ACTIVITY
From the line with "RUNFAYBIU MEETAKING Small" to the final line of the data below, please write out every line exactly, with no pictures.
===== SOURCE MATERIAL
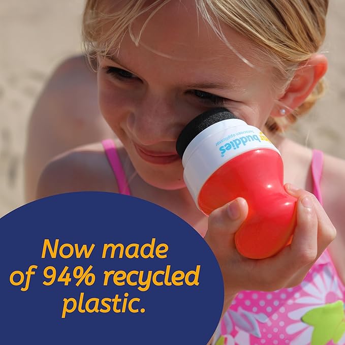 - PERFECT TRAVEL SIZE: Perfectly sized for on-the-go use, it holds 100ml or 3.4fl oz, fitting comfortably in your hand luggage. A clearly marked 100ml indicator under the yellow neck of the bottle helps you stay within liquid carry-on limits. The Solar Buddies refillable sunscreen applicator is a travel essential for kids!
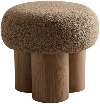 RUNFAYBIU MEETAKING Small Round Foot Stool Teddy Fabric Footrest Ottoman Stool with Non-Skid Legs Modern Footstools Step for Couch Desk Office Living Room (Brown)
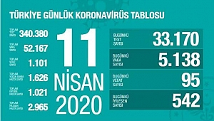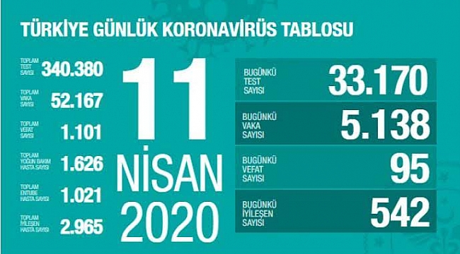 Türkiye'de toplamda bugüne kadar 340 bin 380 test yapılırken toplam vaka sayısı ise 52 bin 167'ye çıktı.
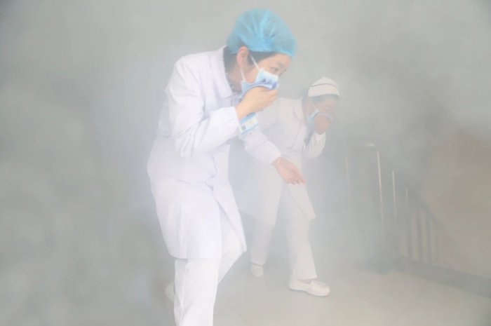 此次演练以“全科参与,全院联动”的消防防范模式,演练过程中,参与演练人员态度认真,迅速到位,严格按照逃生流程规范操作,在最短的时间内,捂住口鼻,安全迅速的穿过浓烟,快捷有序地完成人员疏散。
==========
COMPLETED EXERCISE
 RUNFAYBIU MEETAKING Small Round Foot Stool Teddy Fabric Footrest Ottoman Stool with Non-Skid Legs Modern Footstools Step for Couch Desk Office Living Room (Brown)
 Türkiye'de toplamda bugüne kadar 340 bin 380 test yapılırken toplam vaka sayısı ise 52 bin 167'ye çıktı.
 此次演练以“全科参与,全院联动”的消防防范模式,演练过程中,参与演练人员态度认真,迅速到位,严格按照逃生流程规范操作,在最短的时间内,捂住口鼻,安全迅速的穿过浓烟,快捷有序地完成人员疏散。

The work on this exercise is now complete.